What does this mean for the concept of the autism spectrum?

Asperger introduced the idea of a spectrum of autism, with some of the children he called “autistic psychopaths” being high functioning, and some being low functioning, with a spectrum of disorder. This idea seems to be an important part of modern discussion of autism as well. But from my reading of the paper [again I stress I am not an expert] it seems that this definition was at least partly informed by the child’s response to therapy. That is, if a child responded to therapy and was able to be “rehabilitated”, they were deemed high functioning, while those who did not were considered low functioning. We have seen that it is likely that some of the parents of these children were lying about their children’s functional level, so probably his research results on this topic are unreliable, but there is a deeper problem with this definition, I think. The author implies that Asperger was quite an arrogant and overbearing character, and it seems possible to me that his assumption that he is deeply flawed in assuming his therapy would always work and that if it failed the problem was with the child’s level of function. What if his treatment only worked 50% of the time, randomly? Then the 50% of children who failed are not “low-functioning”, they’re just unlucky. If we compare with a pharmaceutical treatment, it simply is not the case that when your drugs fail your doctor deems this to be because you are “low functioning”, and ships you off to the “euthanasia” clinic. They assume the drugs didn’t work and give you better, stronger, or more experimental drugs. Only when all the possible treatments have failed do they finally deem your condition to be incurable. But there is no evidence that Asperger considered the possibility that his treatment was the problem, and because the treatment was entirely subjective – the parameters decided on a case-by-case basis – there is no way to know whether the problem was the children or the treatment. So to the extent that this concept of a spectrum is determined by Asperger’s judgment of how the child responded to his entirely subjective treatment, maybe the spectrum doesn’t exist?

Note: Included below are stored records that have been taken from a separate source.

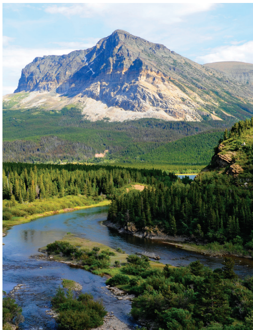
A magnificent vista in Glacier National Park
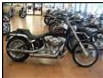
2006 Harley-Davidson FXSTI Black -
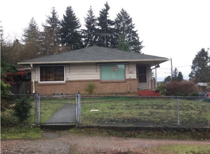
Grade 7/ Year Built 1956/ TLA: 1620 SF

This is particularly a problem because the concept of “functioning” was deeply important to the Nazis and had a large connection to who got selected for murder. In the Nazi era, to quote Negan, “people were a resource”, and everyone was expected to be functioning. Asperger’s interest in this spectrum and the diagnosis of children along it wasn’t just or even driven by a desire to understand the condition of “autistic psychopathy”, it was integral to his racial hygiene conception of what to do with these children. In determining where on the spectrum they lay he was providing a social and public health diagnosis, not a personal diagnosis. His concern here was not with the child’s health or wellbeing or even an accurate assessment of the depth and nature of their disability – he and his colleagues were interested in deciding whether to kill them or not. Given the likely biases in his research, the dubious link between the definition of the spectrum and his own highly subjective treatment strategy, and the real reasons for defining this spectrum, is it a good idea to keep it as a concept in the handling of autism in the modern medical world? Should we revisit this concept, if not to throw it away at least to reconsider how we define the spectrum and why we define it? Is it in the best interests of the child and/or their family to apply this concept?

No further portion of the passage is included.